A method consisting of the combination of the Synthetic Minority Over-Sampling TEchnique (SMOTE) and the Sequential Forward Floating Selection (SFFS) technique is used to do band selection in a highly imbalanced, small size, two-class multispectral dataset of melanoma and non-melanoma lesions. The aim is to improve classification rate and help to identify those spectral bands that have a more important role in melanoma detection. All the processing steps were designed taking into account the low number of samples in the dataset, situation that is quite common in medical cases. The training/test sets are built using a Leave-One-Out strategy. SMOTE is applied in order to deal with the imbalance problem, together with the Qualified Majority Voting scheme (QMV). Support Vector Machines (SVM) is the classification method applied over each balanced set. Results indicate that all melanoma lesions are correctly classified, using a low number of bands, reaching 100% sensitivity and 72% specificity when considering nine (out of a total of 55) spectral bands.
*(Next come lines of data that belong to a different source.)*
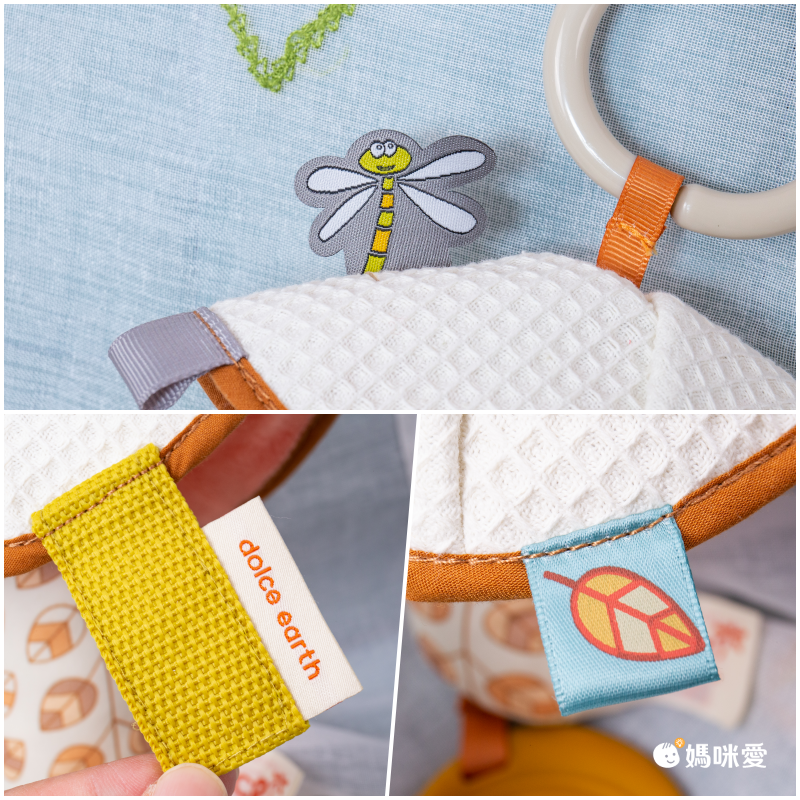 蘑菇上有一隻小蜻蜓、小樹葉、黃色標籤的布標,寶寶可以探索不同紋路材質和認識圖案
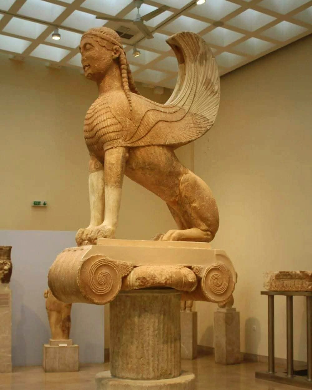 델포이 고고학 박물관에 자리잡은 이 신화 속 생물은 여자 머리, 장엄한 새 날개, 강력한 암사자 몸을 지니니
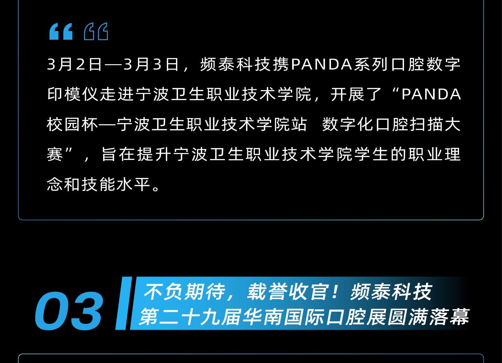 频泰科技公司成立于2015年,总部位于浙江宁波,研发和运营基地设在四川成都,制造基地设在“中国牙谷”四川资阳。频泰科技公司致力于三维成像技术研究与应用,致力于3D数字化口内扫描仪、牙模扫描仪、CAD/CAM口腔修复软件和齿科数控研磨铣削设备的研发和制造,研发的领域涵盖了光学、机械、电子、算法、软件、材料等六大学科领域,目前已经获得了40项以上国内外专利授权。公司核心成员来自中国科学院、电子科技大学、哈尔滨工业大学等国内知名研究院所和高校,以客户需求为中心,在行业内始终保持技术领先优势,推出的口腔数字印模仪获得了国内外广大客户的认可。本着“技术领先、服务一流”的理念,公司将深耕数字化口腔医疗设备领域,致力于为国内外口腔医院、诊所、技工所提供完整的口腔数字化解决方案。
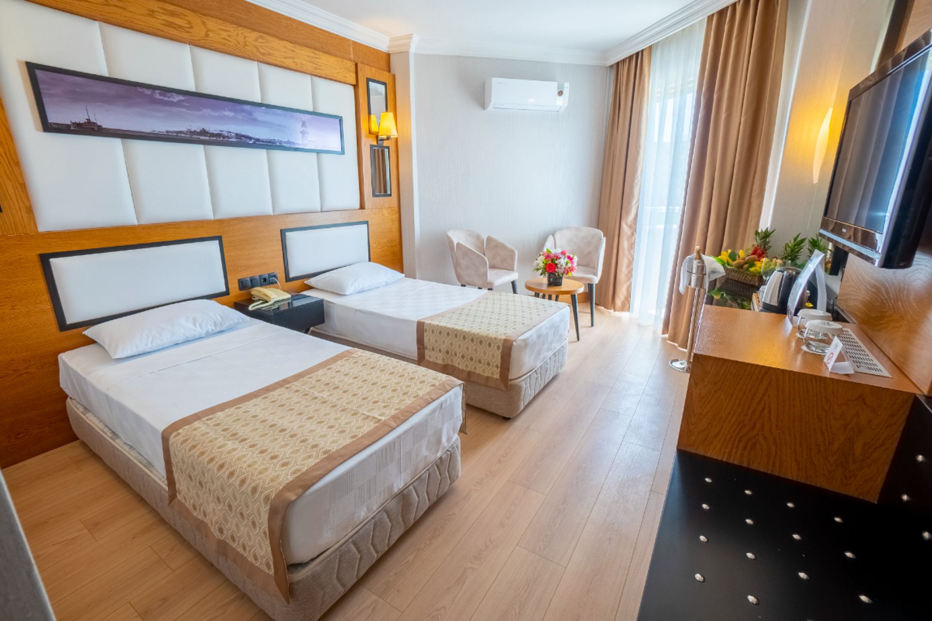 Всички стаи са оборудвани с климатик, телевизор, телефон, баня с душ, сешоар, сет за чай/кафе, минибар (безплатен), сейф (безплатен), балкон.

© 2013 Optical Society of America

1. Introduction

Cutaneous melanoma is one of the most common malignant skin cancers. According to the European Cancer Observatory, in 2008, 32107 cases for men and 35324 cases for women were detected; i. e. a rate of 11.5 and 11.4 per 100000 people respectively [1]. Early signs of melanoma appearance include changes in the shape or in the color of existing moles or in the formation of a new lump. The ABCD rule (A, Asymmetry, B, irregular Border, C, variety of Colors, and D, Diameter) helps in lesion diagnosis. Currently the diagnosis process includes tissue biopsy and histopathology, which implies surgical intervention. Therefore, a non invasive diagnosis method would be beneficial to avoid unnecessary surgery. The different skin components (such as melanin, hemoglobin, oxy-hemoglobin and water) behave differently in the infrared part of the wavelength spectrum [2]. However, the human eye is not sensitive to this spectral range. Multispectral images acquired in the visible to near-infrared spectrum may help experts to differentiate benign from malignant lesions. On the other hand, as the number of bands increases, noise and redundancy increase as well [3]. Some authors have used a pre-defined set of bands, however these sets differ among publications. Diebele et. al [4] use only the 540, 650 and 950nm bands. Patwardhan, Dhawan et al. [5] selected bands in the range from 350 to 700nm simulating light propagation using a Monte Carlo modeling approach. Dhawan et al. [6] present a dataset of real lesions acquired with a nevoscope system for 510, 560 and 610nm. D‘Alessandro and Dhawan have also analyzed melanoma lesions using a nevoscope, but in different sets in the infra-red spectral range [2, 7]. Other authors apply feature reduction methods over a group of features generated from the images, and not over the set of bands [8, 9].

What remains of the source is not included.